Mia Wasikowska, Tom Hiddleston, Jessica Chastain, Charlie Hunna

119 min.
21 octobre 2015
CRIMSON PEAK

« Le fantôme n’est qu’une métaphore »

Amusant car c’est un vrai spectre qui met en garde Edith Cushing ( Mia Wasikowska) contre les dangers de Crimson Peak. Des années plus tard, loin d’avoir oublié, Edith nourrit une passion plutôt malsaine pour les fantômes, qu’elle partage avec Thomas Sharpe (Tom Hiddleston), entrepreneur désargenté qu’elle va épouser et rejoindre dans sa belle maison située tout en haut d’un mont de terre d’argile pourpre que les villageois surnomment, coïncidence, Crimson Peak. 

Qu’est-ce que les fantômes ont à faire là-dedans ? Pas grand-chose. Le monde hispanique depuis le début des années 2000 a donné une grande importance à la figure du spectre, entité portant en elle toute la violence, mais aussi la sagesse, de l’Histoire. Guillermo Del Toro, réalisateur du film, avait lui-même dans El Espinazo Del Diablo*  théorisé ce rôle essentiel de la métaphore spectrale comme représentation de la mémoire collective. Son retour au fantôme était donc porteur de beaucoup de promesses, non tenues. 

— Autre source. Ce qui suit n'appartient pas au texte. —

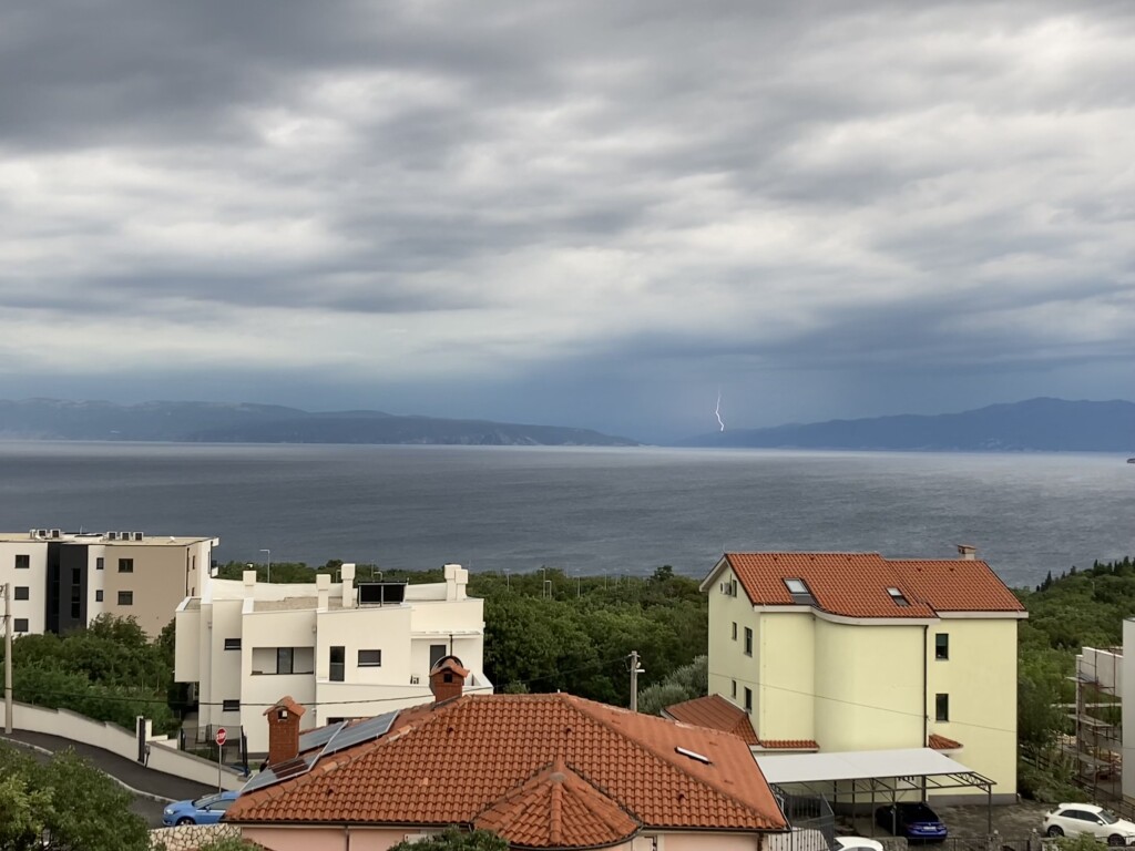 op de foto een langstrekkende onweersbui van vanmiddag met een ontlading boven eiland Cres.

Ici les fantômes tous plus effrayants les uns que les autres ne sont qu’un prétexte d’horreur, une décoration lugubre de plus de la triste Crimson Peak, qui s’efface face à l’histoire. Et l’histoire vaut-elle le détour ? Non.
Qualifiée de « romance gothique », l’intrigue est plutôt un thriller (un peu) gore illustrant l’Amour, avec une grande hache.  

Le gothique est bien présent cependant, le manoir de Crimson Peak, construit de toutes pièces par Guillermo Del Toro, est de loin le meilleur des acteurs, un personnage vibrant et respirant qui vaut à lui seul le détour. 

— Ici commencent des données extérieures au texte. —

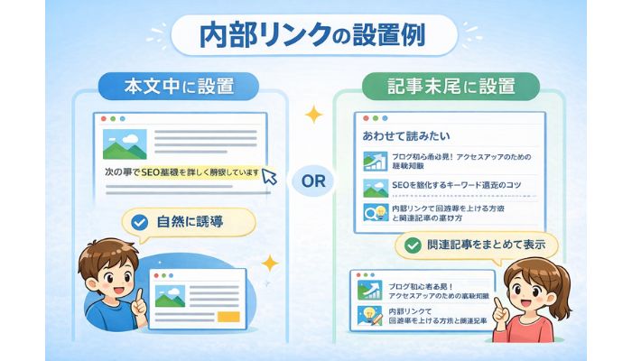 内部リンクを適切に設置することで、読者の滞在時間が増え、SEO評価も向上します。

Dans son ensemble, Crimson Peak se veut un film métaphore de la violence intemporelle de l’amour. Si les figures de style nécessaires à ce message sont bien mises en place, un scénario facile les écrase rapidement pour laisser place à un divertissement superficiel.

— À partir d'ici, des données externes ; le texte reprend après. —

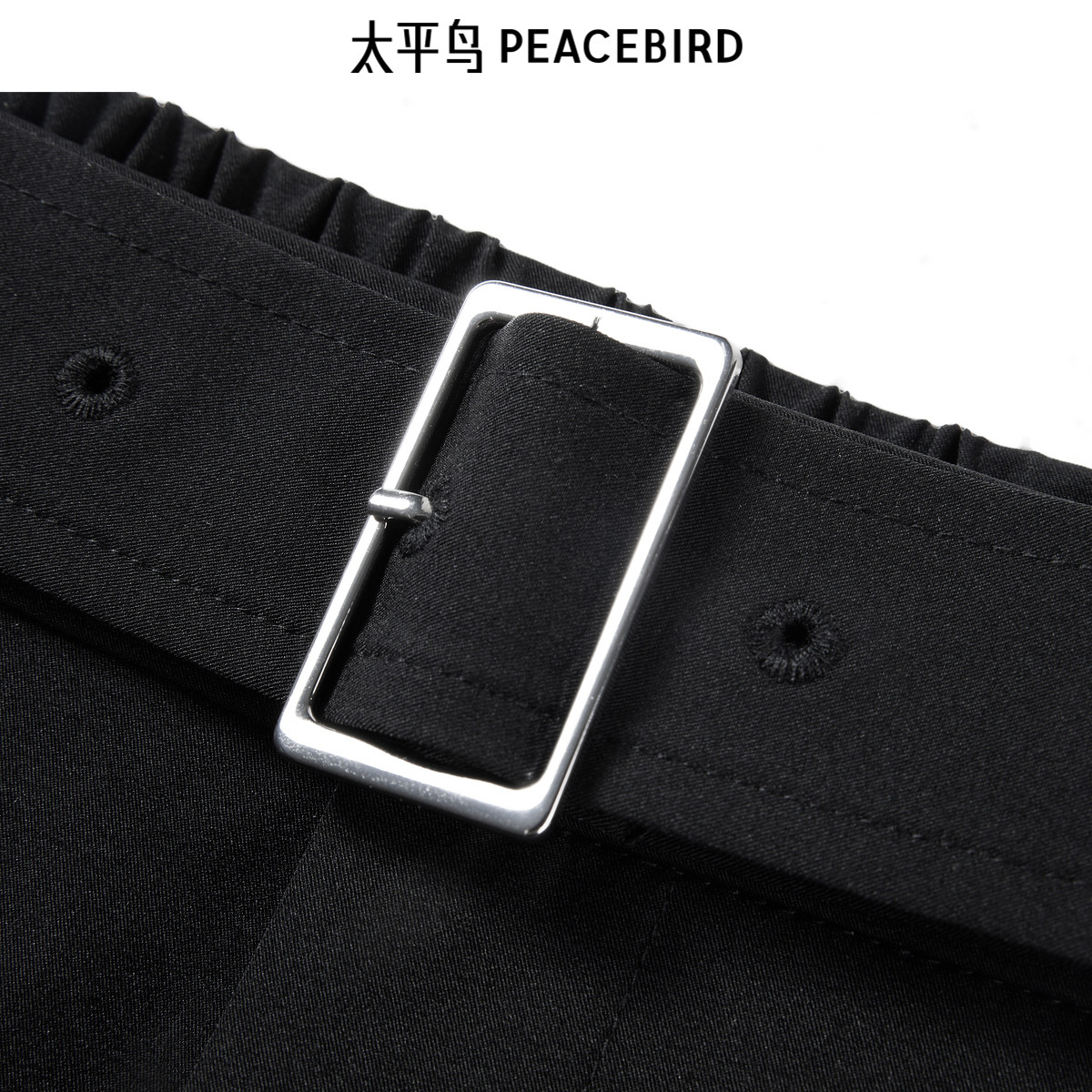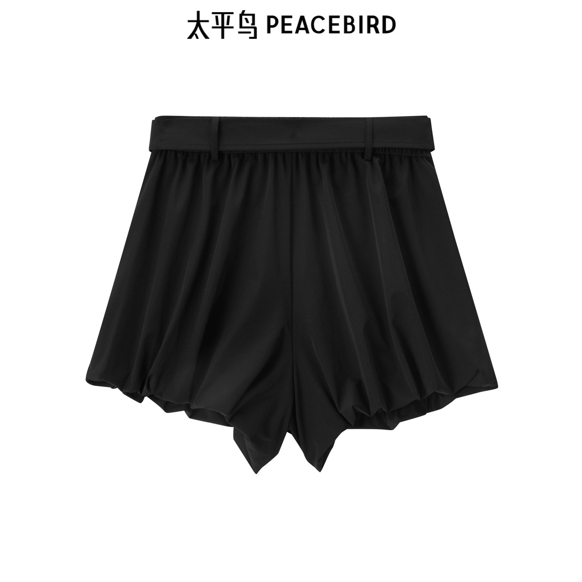 太平鸟高腰黑色短裤2026年春季时尚附带腰带阔腿直筒休闲中短裤女

Au final donc, beaucoup de promesses, beaucoup de déceptions. Les amateurs d’horreur pourraient y trouver leur compte, les fans de Guillermo Del Toro apprécier les références à ses œuvres précédentes, mais force est de constater que la subtilité scénaristique et la beauté poétique habituelle de Del Toro ne sont plus que des spectres d’eux-mêmes.

Aurélie Waeterinckx

* El Espinazo Del Diablo (Guillermo Del Toro, 2001) est un conte métaphorique mettant en scène un orphelinat, métaphore de la dictature franquiste, hanté par un jeune fantôme représentant ouvertement la violence réprimée de la guerre.